1. Without measuring, find a way to cut this parallelogram (final page of this packet contains copies for you to cut) into pieces you can rearrange to form a rectangle.

Describe where you decided to cut and how you rearranged the pieces (use transformation language like “translated (slid), rotated (turned) or reflected (flipped)).

2. Can you cut parallelogram anywhere else and still make a rectangle?

3. How could you find the area of the rectangles you made?

4. How do these areas compare to the area of the parallelogram?

5. Is there a way to find the area of the parallelogram without cutting it and making a rectangle?

6. How does the perimeter of the parallelogram compare to the perimeter of the rectangle?

Analyzing student work : The next time the teachers met they brought student work from their respective problem adaptations. The adaptation emphasizing area and perimeter produced a particularly interesting example of student work. A representation of that work appears below:

 

6. How does the perimeter of the parallelogram compare to the perimeter of the rectangle?

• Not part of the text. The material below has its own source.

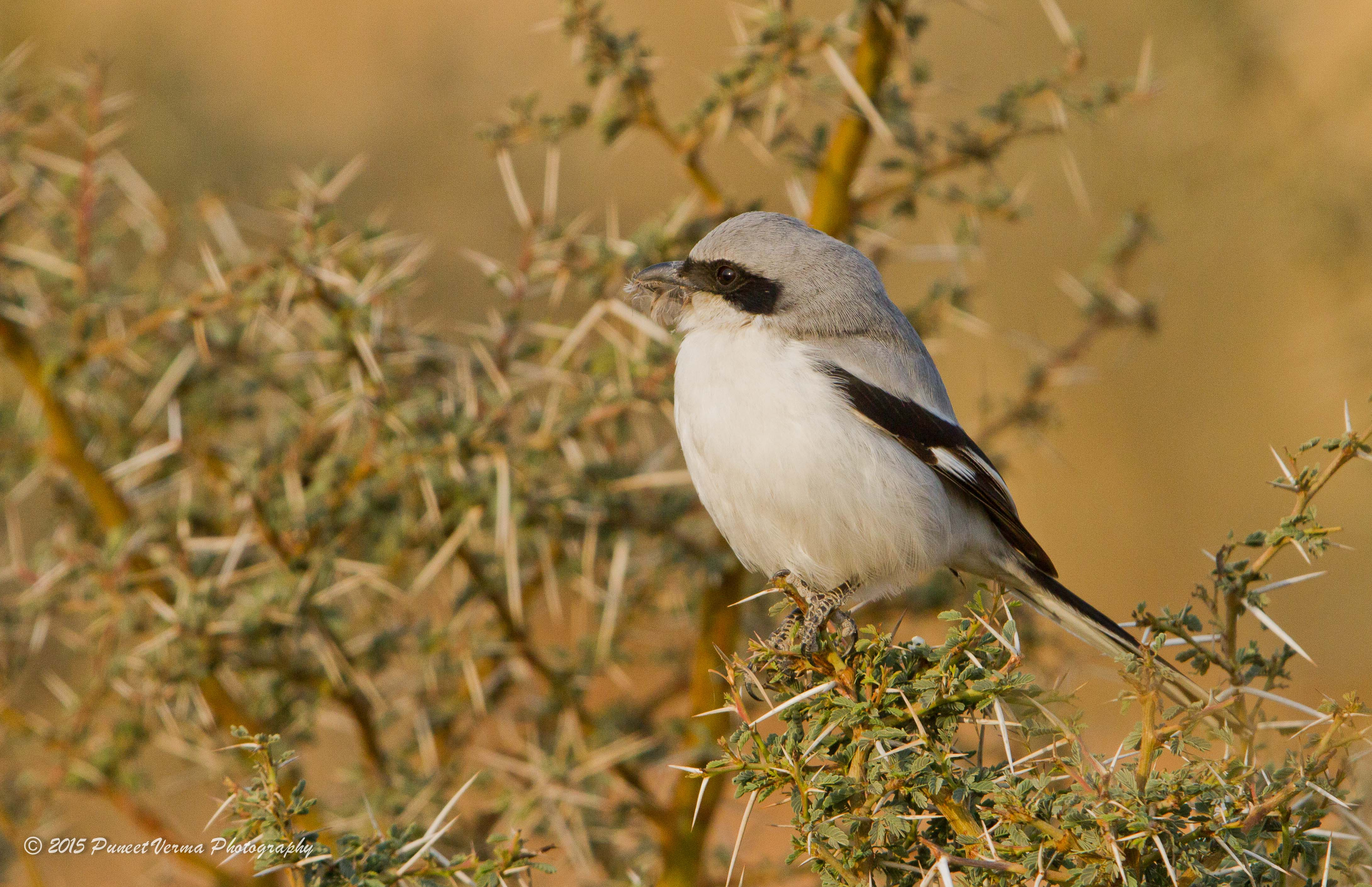 Lanius meridionalis - Southern Grey Shrike feeding on sparrow at Tal Chappar

The perimeter of a parallelogram is a little bit bigger than the perimeter of a rectangle.

   

Above, you can see if we were to extend the parallelogram line out, then it would be a bit taller than the original height.

 

 

After discussing a list of potential geometric habits of mind, or geometric ways of thinking, teachers hypothesized about the possible forms of geometric thinking that may have come into play in this answer. The act of rotating the left side length and creating a 90 degree angle in the parallelogram suggested to many teachers that this student was using visualization skills to aid his/her problem solving. However, this was not the only type of thinking that teachers recognized.

 

“I'm struggling to follow the reasoning but it seems like this student was blending deduction with experimentation,” said one teacher referring to another potential habit of mind.

 

“(He/She) kept the side length the same and moved its position to compare,” commented another teacher, suggesting that this student had the notion of invariant in mind--seeing what changes, what stays the same as the side rotated.

 

Proceeding through other examples of student work, the teachers discussed the types of geometric thinking they recognized in the pieces of student work. On several occasions, teachers saw evidence for a number of habits of mind in a single student response. Besides acknowledging the evidence in this of the complexity that can characterize geometric thinking, the group agreed that the rich pieces of student work they run across are good places to test their opinions of what habits of mind are important to productive geometric thinking.